Nowhere do you encounter a firewall, which is a specifically German architectural construction. For well-known, but not readily mentioned reasons, reminiscent of the year 1933. And: the hijacking of the right by the right-wing radicals (USA) is also a danger known from the present. This also includes the long-running process of decline of moderate right-wing parties in Europe.

Only France allows itself a presidential system in its strongest form. France of all countries, the first European country to abolish the monarchy. It is time to abolish this anachronism, this fossil from the Gaullist era, and to return to France's once-renowned parliamentary tradition. This would require a debate within France. However, it should also be debated within the framework of a new European domestic policy, just as it would be obvious to bury the silly remains of the monarchy in six EU member states.

Lost core elements of democracy
In the course of its history, democracy has lost its two core elements at the grassroots level: 1) the idea of the equality of voters and 2) the idea of representation, which necessarily follows from the idea of popular sovereignty.

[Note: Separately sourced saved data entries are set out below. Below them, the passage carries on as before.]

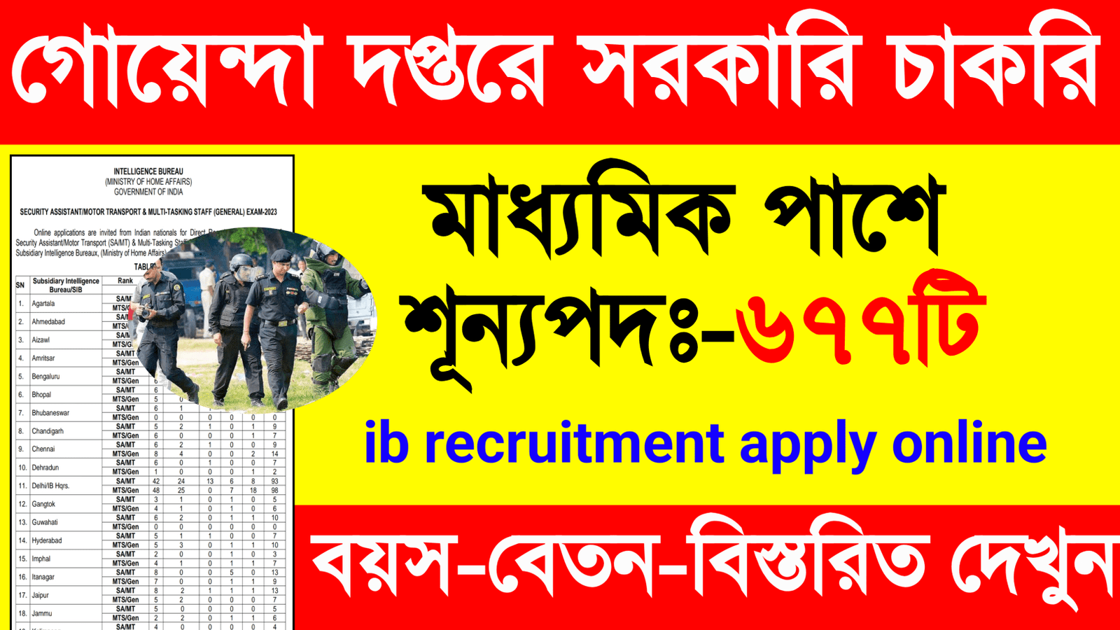 শূন্যপদঃ– ৬৭৭ টি শূন্যপদে গোয়েন্দা দপ্তরে কর্মী নিয়োগ করা হচ্ছে।
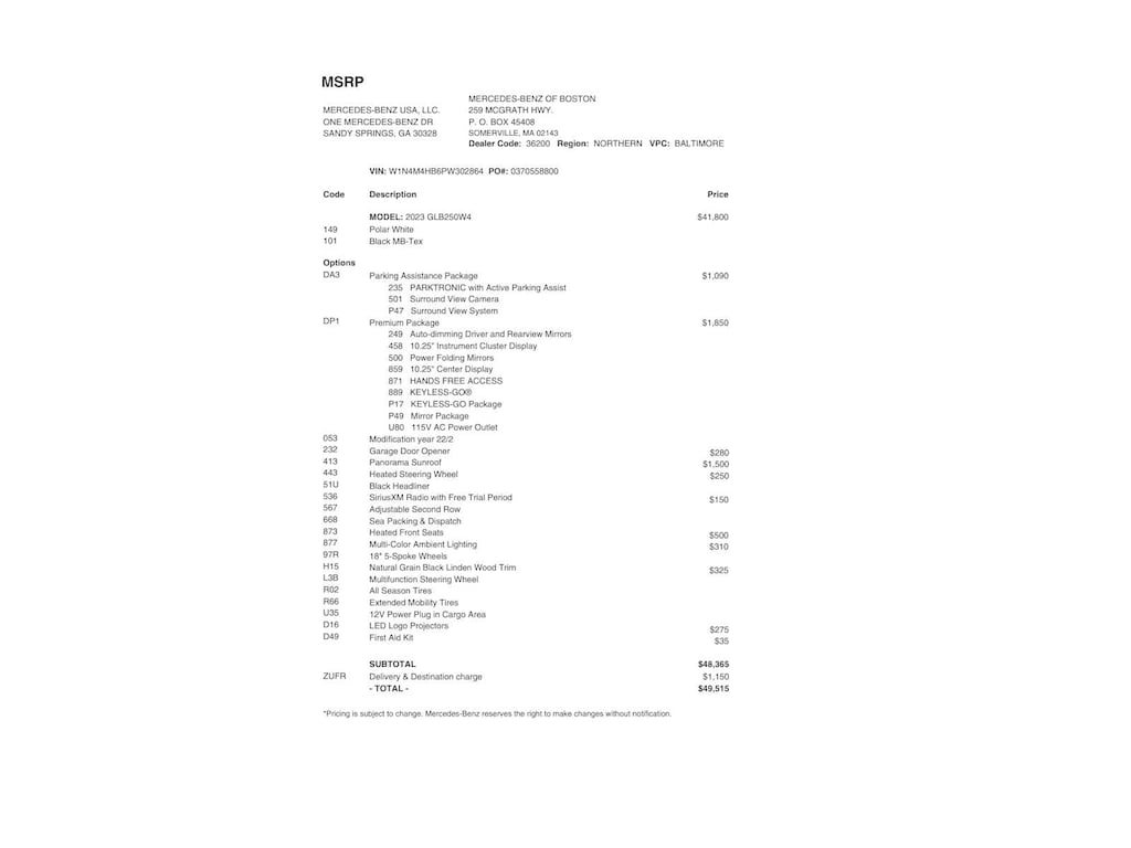 Service Work completed on this Mercedes-Benz GLB 250 included: Total Value: $2,622.87. Oil & Filter Change Using Original OEM Parts, Battery Voltage Test, Windshield Wiper Blades Replaced, Rear Glass Wiper Blade Replaced, Tires Inspected, 4 Tires Replaced, Brake Inspection, 4 Wheel Alignment, Emissions System Check, Professional Detailed Inside and Out, Function Test all Lights, Cooling System Inspection, Transmission Fluid Inspection, Differential Fluid Inspection, Function Test all Options & Accessories.
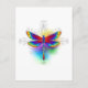 Luminosa, arco iris, libélula poligonal sobre fondo blanco, pintada con acuarela.

On point 1): In the bourgeois societies of the West – which have been called liberal democracies for some time now (mind you: not social democracies) – equality is aimed for in the political sphere as a counterbalance to inequality in the economic and social spheres, but only half-heartedly. In the process of political decision-making, however, it is lost, with the majority of the population being lost through the majority voting system in electoral districts (Great Britain), the political leadership being determined by a minority (USA) or a minority president like Macron being able to make far-reaching political decisions against an overwhelming social majority.